START Data supplied
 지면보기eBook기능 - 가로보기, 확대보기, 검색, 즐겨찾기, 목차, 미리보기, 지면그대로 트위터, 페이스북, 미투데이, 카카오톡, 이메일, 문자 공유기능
END Data supplied
START Data supplied
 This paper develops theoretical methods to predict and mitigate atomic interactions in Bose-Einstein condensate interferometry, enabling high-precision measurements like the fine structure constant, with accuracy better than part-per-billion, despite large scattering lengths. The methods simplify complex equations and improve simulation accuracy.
END Data supplied
START Data supplied
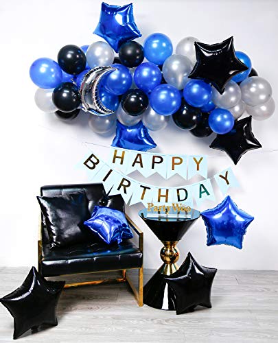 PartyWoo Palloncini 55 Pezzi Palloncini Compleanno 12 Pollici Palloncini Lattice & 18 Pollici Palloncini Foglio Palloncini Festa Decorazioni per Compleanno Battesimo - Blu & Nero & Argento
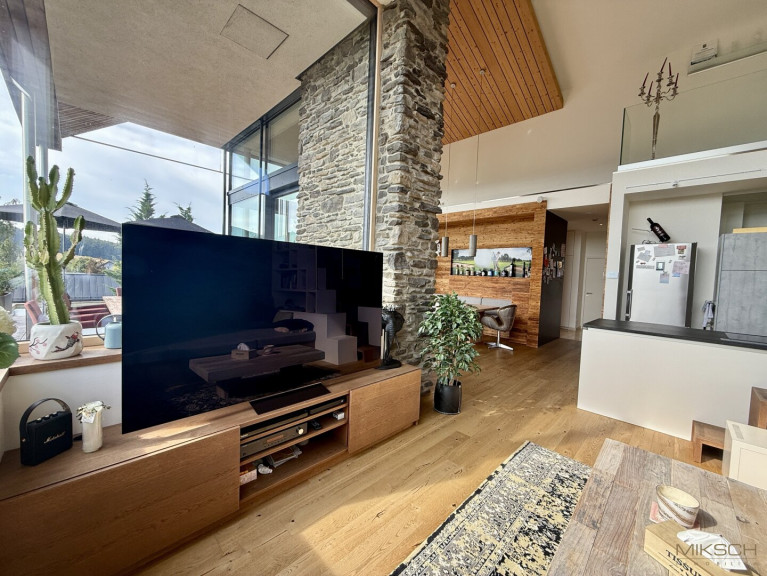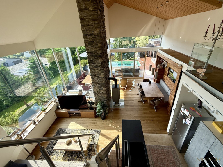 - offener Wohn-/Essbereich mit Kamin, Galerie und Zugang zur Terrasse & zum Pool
END Data supplied
_What is needed:_
The answer must be the part of the records that opens with the line containing "PartyWoo Palloncini 55" and closes with the line containing "- offener Wohn-/Essbereich", reproduced exactly, with no pictures.

_Result of the exercise:_
 PartyWoo Palloncini 55 Pezzi Palloncini Compleanno 12 Pollici Palloncini Lattice & 18 Pollici Palloncini Foglio Palloncini Festa Decorazioni per Compleanno Battesimo - Blu & Nero & Argento
 - offener Wohn-/Essbereich mit Kamin, Galerie und Zugang zur Terrasse & zum Pool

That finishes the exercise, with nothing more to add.